• _EXCERPTED DATA_
==============================
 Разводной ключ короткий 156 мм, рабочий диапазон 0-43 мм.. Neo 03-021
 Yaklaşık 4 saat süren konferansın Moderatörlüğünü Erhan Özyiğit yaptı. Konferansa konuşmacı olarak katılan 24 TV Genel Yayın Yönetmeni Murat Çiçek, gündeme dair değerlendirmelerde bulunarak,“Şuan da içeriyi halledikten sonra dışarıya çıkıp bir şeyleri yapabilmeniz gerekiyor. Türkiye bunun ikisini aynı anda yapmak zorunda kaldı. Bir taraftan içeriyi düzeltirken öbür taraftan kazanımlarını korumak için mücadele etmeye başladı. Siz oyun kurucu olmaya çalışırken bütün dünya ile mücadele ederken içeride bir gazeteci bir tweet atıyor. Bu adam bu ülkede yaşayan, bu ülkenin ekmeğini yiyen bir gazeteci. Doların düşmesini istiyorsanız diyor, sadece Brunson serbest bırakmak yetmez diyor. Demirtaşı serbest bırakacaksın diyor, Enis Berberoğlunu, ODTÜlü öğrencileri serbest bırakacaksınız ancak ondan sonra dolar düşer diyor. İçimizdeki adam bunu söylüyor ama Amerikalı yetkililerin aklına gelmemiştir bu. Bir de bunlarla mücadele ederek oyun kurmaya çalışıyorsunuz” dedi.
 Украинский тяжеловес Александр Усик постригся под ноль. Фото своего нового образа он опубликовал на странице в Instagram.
==============================
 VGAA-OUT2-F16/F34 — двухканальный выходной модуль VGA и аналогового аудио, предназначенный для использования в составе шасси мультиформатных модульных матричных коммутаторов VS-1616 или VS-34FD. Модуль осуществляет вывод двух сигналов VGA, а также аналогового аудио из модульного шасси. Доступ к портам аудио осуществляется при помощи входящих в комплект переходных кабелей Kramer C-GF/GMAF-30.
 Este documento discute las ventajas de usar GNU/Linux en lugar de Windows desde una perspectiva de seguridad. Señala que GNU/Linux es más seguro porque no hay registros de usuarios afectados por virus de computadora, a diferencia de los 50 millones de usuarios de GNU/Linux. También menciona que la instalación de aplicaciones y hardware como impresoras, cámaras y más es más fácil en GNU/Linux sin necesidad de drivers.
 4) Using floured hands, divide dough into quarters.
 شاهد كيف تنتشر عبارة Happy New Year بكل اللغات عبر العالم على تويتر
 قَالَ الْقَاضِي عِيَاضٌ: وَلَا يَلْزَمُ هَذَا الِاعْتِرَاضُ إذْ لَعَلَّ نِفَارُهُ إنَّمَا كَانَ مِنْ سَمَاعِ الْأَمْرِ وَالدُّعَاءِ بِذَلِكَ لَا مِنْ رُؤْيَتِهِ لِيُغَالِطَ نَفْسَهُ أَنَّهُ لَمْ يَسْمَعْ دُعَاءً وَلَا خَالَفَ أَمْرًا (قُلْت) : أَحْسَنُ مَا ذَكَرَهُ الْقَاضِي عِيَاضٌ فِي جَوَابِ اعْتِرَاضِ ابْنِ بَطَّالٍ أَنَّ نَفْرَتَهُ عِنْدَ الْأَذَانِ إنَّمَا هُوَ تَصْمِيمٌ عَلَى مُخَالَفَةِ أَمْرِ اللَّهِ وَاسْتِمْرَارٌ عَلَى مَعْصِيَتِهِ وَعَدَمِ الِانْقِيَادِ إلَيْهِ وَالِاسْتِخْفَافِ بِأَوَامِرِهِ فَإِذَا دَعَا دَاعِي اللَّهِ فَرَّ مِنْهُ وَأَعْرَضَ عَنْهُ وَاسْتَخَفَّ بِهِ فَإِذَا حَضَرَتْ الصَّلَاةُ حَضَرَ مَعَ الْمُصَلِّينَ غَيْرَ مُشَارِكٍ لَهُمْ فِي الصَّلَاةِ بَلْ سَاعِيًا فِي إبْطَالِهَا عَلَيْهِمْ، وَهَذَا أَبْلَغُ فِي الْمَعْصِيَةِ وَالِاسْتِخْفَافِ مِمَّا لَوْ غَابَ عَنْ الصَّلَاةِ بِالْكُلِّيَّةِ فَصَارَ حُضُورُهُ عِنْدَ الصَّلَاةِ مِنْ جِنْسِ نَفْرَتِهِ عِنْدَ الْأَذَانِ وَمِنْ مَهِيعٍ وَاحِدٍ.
==============================
• _WHAT YOU NEED TO DO_
Give back the records above exactly, limited to the lines between the one holding "شاهد كيف تنتشر" and the one holding "قَالَ الْقَاضِي عِيَاضٌ: وَلَا", inclusive.

• _OUTPUT_
 شاهد كيف تنتشر عبارة Happy New Year بكل اللغات عبر العالم على تويتر
 قَالَ الْقَاضِي عِيَاضٌ: وَلَا يَلْزَمُ هَذَا الِاعْتِرَاضُ إذْ لَعَلَّ نِفَارُهُ إنَّمَا كَانَ مِنْ سَمَاعِ الْأَمْرِ وَالدُّعَاءِ بِذَلِكَ لَا مِنْ رُؤْيَتِهِ لِيُغَالِطَ نَفْسَهُ أَنَّهُ لَمْ يَسْمَعْ دُعَاءً وَلَا خَالَفَ أَمْرًا (قُلْت) : أَحْسَنُ مَا ذَكَرَهُ الْقَاضِي عِيَاضٌ فِي جَوَابِ اعْتِرَاضِ ابْنِ بَطَّالٍ أَنَّ نَفْرَتَهُ عِنْدَ الْأَذَانِ إنَّمَا هُوَ تَصْمِيمٌ عَلَى مُخَالَفَةِ أَمْرِ اللَّهِ وَاسْتِمْرَارٌ عَلَى مَعْصِيَتِهِ وَعَدَمِ الِانْقِيَادِ إلَيْهِ وَالِاسْتِخْفَافِ بِأَوَامِرِهِ فَإِذَا دَعَا دَاعِي اللَّهِ فَرَّ مِنْهُ وَأَعْرَضَ عَنْهُ وَاسْتَخَفَّ بِهِ فَإِذَا حَضَرَتْ الصَّلَاةُ حَضَرَ مَعَ الْمُصَلِّينَ غَيْرَ مُشَارِكٍ لَهُمْ فِي الصَّلَاةِ بَلْ سَاعِيًا فِي إبْطَالِهَا عَلَيْهِمْ، وَهَذَا أَبْلَغُ فِي الْمَعْصِيَةِ وَالِاسْتِخْفَافِ مِمَّا لَوْ غَابَ عَنْ الصَّلَاةِ بِالْكُلِّيَّةِ فَصَارَ حُضُورُهُ عِنْدَ الصَّلَاةِ مِنْ جِنْسِ نَفْرَتِهِ عِنْدَ الْأَذَانِ وَمِنْ مَهِيعٍ وَاحِدٍ.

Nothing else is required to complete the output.